Soon after that conversation, I got another unexpected lift by participating virtually in the inaugural National Tribal and Indigenous Climate Change conference. The conference brought together members from more than 200 U.S. tribal nations with Indigenous peoples and their allies from 30 different countries.
Being a Good Ancestor was a recurring theme. One after another, speakers described how they used that concept to maintain hope. In short, they were not judging their success on whether they succeeded in changing the temperature trajectory. They focused on acting in the best way possible as individuals, working hard for coming generations.
I found my spirits buoyed more than they had been in years—all during a conference that highlighted climate change. Somehow speakers managed to maintain a positive attitude, and focus on what we could do about it.

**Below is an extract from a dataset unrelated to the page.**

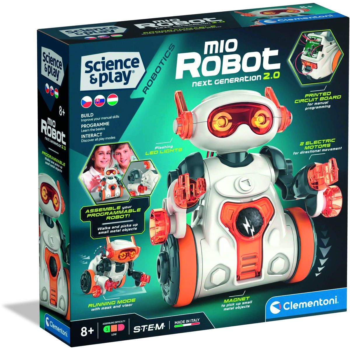 Robot Mio od Clementoni přináší dětem možnost poznat základy robotiky hravou formou. Díky jednoduché montáži a různým herním režimům si děti od 8 let užijí spoustu zábavy i učení najednou. Mio umí chodit, ohýbat se a díky silnému magnetu může přenášet malé předměty. Je to skvělý způsob, jak rozvíjet technické dovednosti v oblasti STEM.

“There’s always something you can do.” as Wildcat said. “Is it going to change the world? Maybe a little bit. But you can avoid fatalism because you realize we’re not completely in charge in the first place. Who do you think put you in charge of everything? We have incredible humility in our intellectual traditions.”
Touché. It was refreshing to let go of my guilt about not turning things around—for the planet or for Cheri. I could only do my best. The outcome was not mine to control.
Another recurring theme at the conference involved seeing everything in the natural world not as “resources” but as relatives—even the air, even the water—as Indigenous peoples tend to do.
As history has demonstrated, people treat the planet and its inhabitants quite differently when they see everything as relatives. The forests and wetlands ranged far and wide across this continent under the care of the First Americans.
So being a good ancestor is being a good relative—not only to people, but to nature. It’s keeping future generations in mind when taking action.
It’s easy to see why Indigenous peoples respect their elders. Their elders are not trying to sell the country or planet off to the highest bidder.
While it may seem like there’s little we can do as individuals to bolster our faltering democracy, former Labor Secretary Robert Reich has laid out a substantial list of helpful activities. Starhawk describes actions groups can take.
The theme Being a Good Ancestor resonates with me.